To wrap up the Joshua Tree engagement series, my initial inclination was to write about the National Park. Honestly I could go on and on about how breathtaking it was, how we’d never seen anything like it, how we drove around in our convertible enjoying the warm, dry breeze and jamming out to our favorite tunes, and also how Zach saved me from a rattlesnake on a hike. But when I was driving home from work thinking about how we were coming up on our six month wedding anniversary, I realized I needed to share about something else.
With topics like relationships and love, in my opinion (and my own experience) there is typically more than meets the eye. What I don’t want to do is share only the good and the easy parts of life, and paint an inaccurate picture of my reality.
My experience of life and love leading up to being engaged wasn’t all roses. Zach and I dated on-and-off for 12 years (yes I said 12) before getting engaged. There were numerous difficult break-ups, but one of them stands out amongst the rest. It was a dark period that I can now reflect on as a time of immense learning and profound growth as a person. To put it in more realistic terms, it was a period of tears, confusion, depression, and anxiety. It was a time where I learned about self-care. It was the start of my continuous journey to separate myself from the labels that I, or others, might place on me. Through counseling, support from family and friends (seriously if you were around for this I applaud you, you were a God-send), and significant amounts of time, I turned a corner. This turned into new life-long friendships, discovery of interests and hobbies, and a more stable self-identity.
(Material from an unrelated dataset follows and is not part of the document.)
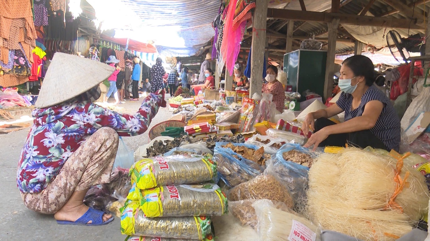 Các tiểu thương trao đổi hàng hóa tại Chợ

The point here is that I have had to endure the valleys in life and love, to really appreciate the view from the top of the mountains. There is no shame in my experience of the valleys. Just putting it in writing is empowering, and I hope that it serves as a reminder to myself down the road.
One of my favorite encouragements during this time (thank you Brookey) was from a letter written by John Steinbeck to his son Thom regarding love:
“And don’t worry about losing. If it is right, it happens — The main thing is not to hurry. Nothing good gets away.”
The entire letter is one of the most beautifully written pieces on love I’ve ever read, and I encourage you to read the entire thing here.
When in a period of darkness or waiting, it’s really a period of learning and growing, and there is no shame in the depths of its impacts. And know that the time will come when you can look back, stronger than ever, thankful.